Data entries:
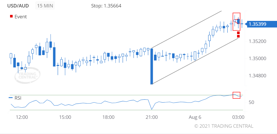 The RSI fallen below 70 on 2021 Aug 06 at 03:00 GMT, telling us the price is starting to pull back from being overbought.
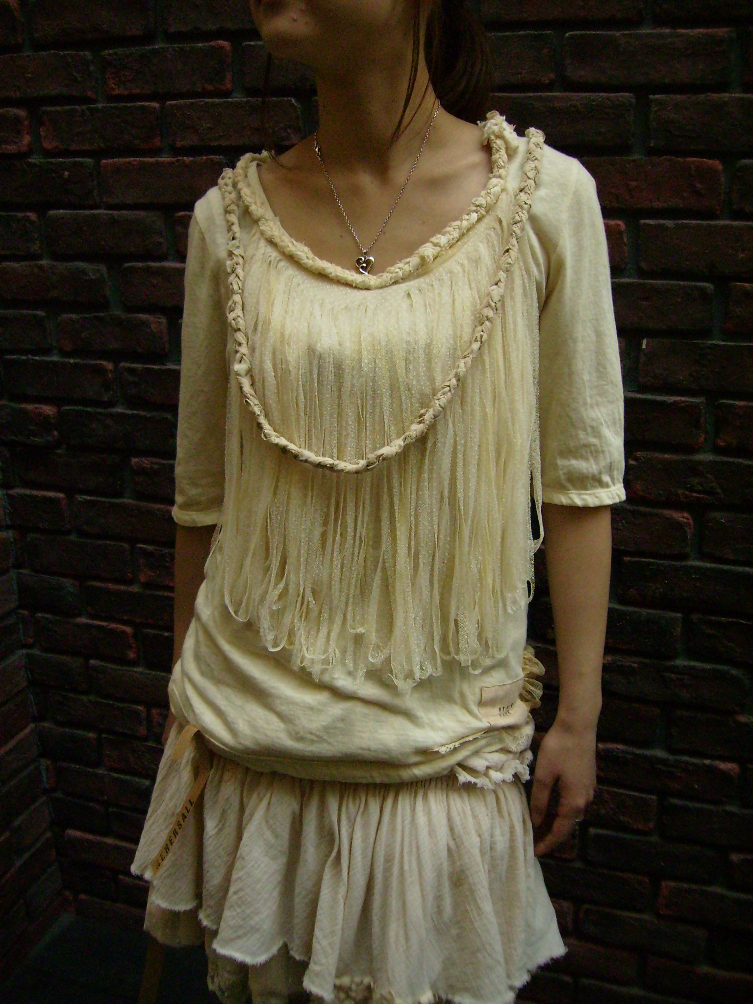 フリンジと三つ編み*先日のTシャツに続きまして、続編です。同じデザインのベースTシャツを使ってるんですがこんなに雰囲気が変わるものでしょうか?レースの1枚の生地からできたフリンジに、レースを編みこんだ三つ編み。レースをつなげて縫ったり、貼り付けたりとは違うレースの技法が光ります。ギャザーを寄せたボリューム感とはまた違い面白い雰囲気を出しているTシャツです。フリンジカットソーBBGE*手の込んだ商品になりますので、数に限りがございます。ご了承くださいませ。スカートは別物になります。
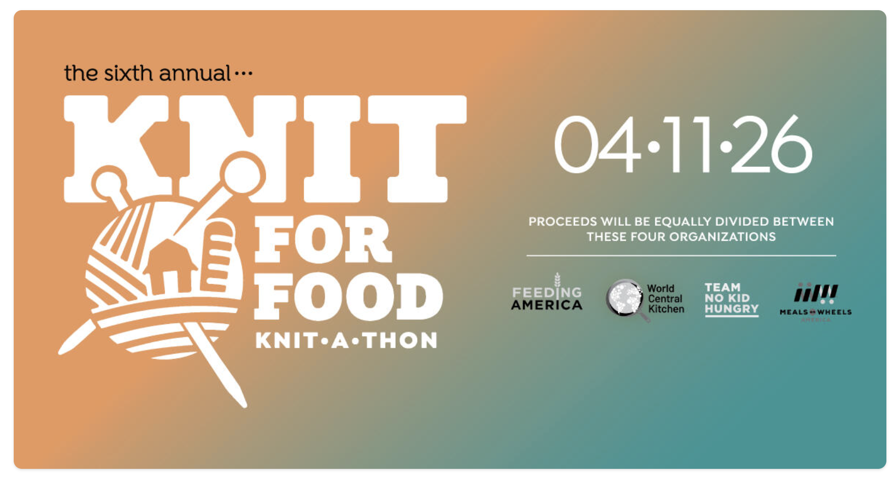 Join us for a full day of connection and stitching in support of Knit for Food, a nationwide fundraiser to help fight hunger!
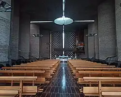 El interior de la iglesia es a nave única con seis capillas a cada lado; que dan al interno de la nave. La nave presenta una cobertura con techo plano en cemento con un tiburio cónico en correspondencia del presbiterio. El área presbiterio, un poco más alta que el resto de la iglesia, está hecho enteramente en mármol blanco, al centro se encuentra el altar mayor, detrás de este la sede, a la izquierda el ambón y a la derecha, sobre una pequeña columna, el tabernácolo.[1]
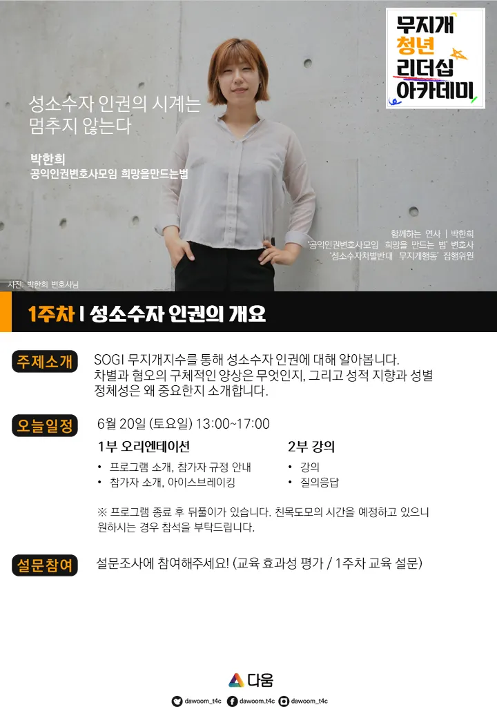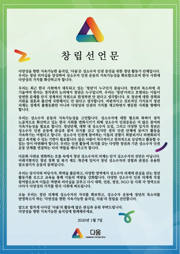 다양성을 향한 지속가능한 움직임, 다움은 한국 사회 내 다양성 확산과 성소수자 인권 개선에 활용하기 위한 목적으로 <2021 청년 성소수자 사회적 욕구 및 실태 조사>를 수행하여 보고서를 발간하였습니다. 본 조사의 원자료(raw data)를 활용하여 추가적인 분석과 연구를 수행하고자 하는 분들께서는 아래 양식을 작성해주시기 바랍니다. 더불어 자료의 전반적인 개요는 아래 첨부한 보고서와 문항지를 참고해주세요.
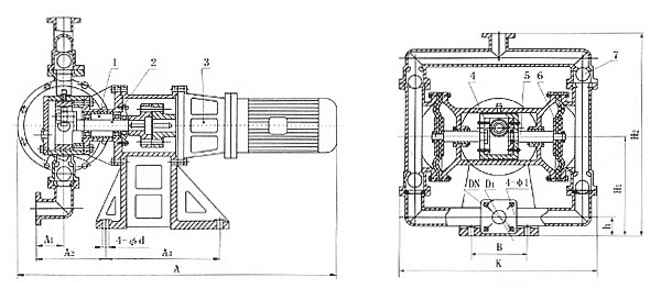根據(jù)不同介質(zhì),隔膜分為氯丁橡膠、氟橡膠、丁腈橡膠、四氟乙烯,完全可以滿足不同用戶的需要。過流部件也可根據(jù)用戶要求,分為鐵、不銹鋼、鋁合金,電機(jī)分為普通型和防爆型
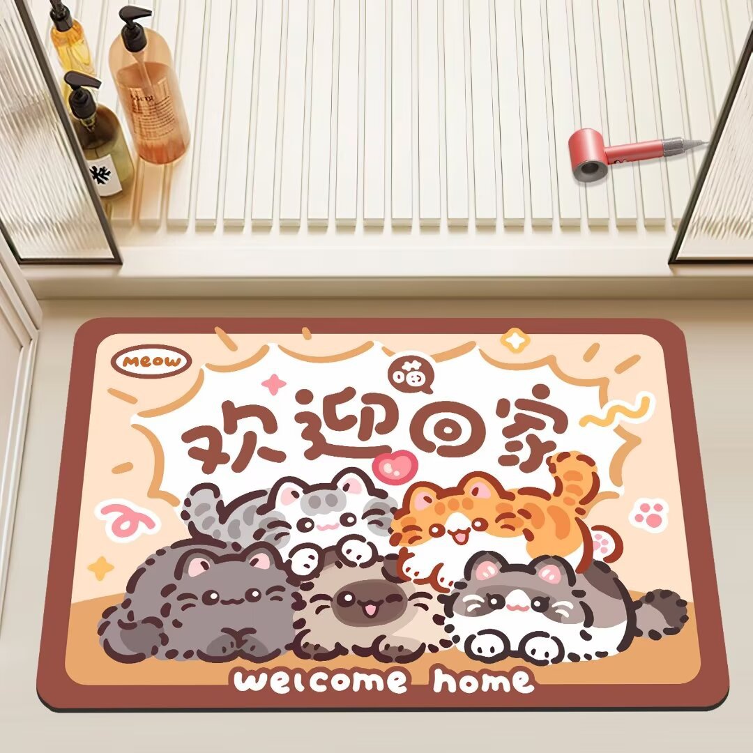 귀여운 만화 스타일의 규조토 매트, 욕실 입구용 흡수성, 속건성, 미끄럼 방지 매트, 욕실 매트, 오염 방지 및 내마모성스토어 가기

Task goal:
Type out the data above again exactly as written, minus the images.

Answer to this exercise:
 The RSI fallen below 70 on 2021 Aug 06 at 03:00 GMT, telling us the price is starting to pull back from being overbought.
 フリンジと三つ編み*先日のTシャツに続きまして、続編です。同じデザインのベースTシャツを使ってるんですがこんなに雰囲気が変わるものでしょうか?レースの1枚の生地からできたフリンジに、レースを編みこんだ三つ編み。レースをつなげて縫ったり、貼り付けたりとは違うレースの技法が光ります。ギャザーを寄せたボリューム感とはまた違い面白い雰囲気を出しているTシャツです。フリンジカットソーBBGE*手の込んだ商品になりますので、数に限りがございます。ご了承くださいませ。スカートは別物になります。
 Join us for a full day of connection and stitching in support of Knit for Food, a nationwide fundraiser to help fight hunger!
 El interior de la iglesia es a nave única con seis capillas a cada lado; que dan al interno de la nave. La nave presenta una cobertura con techo plano en cemento con un tiburio cónico en correspondencia del presbiterio. El área presbiterio, un poco más alta que el resto de la iglesia, está hecho enteramente en mármol blanco, al centro se encuentra el altar mayor, detrás de este la sede, a la izquierda el ambón y a la derecha, sobre una pequeña columna, el tabernácolo.[1]
 다양성을 향한 지속가능한 움직임, 다움은 한국 사회 내 다양성 확산과 성소수자 인권 개선에 활용하기 위한 목적으로 <2021 청년 성소수자 사회적 욕구 및 실태 조사>를 수행하여 보고서를 발간하였습니다. 본 조사의 원자료(raw data)를 활용하여 추가적인 분석과 연구를 수행하고자 하는 분들께서는 아래 양식을 작성해주시기 바랍니다. 더불어 자료의 전반적인 개요는 아래 첨부한 보고서와 문항지를 참고해주세요.
根據(jù)不同介質(zhì),隔膜分為氯丁橡膠、氟橡膠、丁腈橡膠、四氟乙烯,完全可以滿足不同用戶的需要。過流部件也可根據(jù)用戶要求,分為鐵、不銹鋼、鋁合金,電機(jī)分為普通型和防爆型
 귀여운 만화 스타일의 규조토 매트, 욕실 입구용 흡수성, 속건성, 미끄럼 방지 매트, 욕실 매트, 오염 방지 및 내마모성스토어 가기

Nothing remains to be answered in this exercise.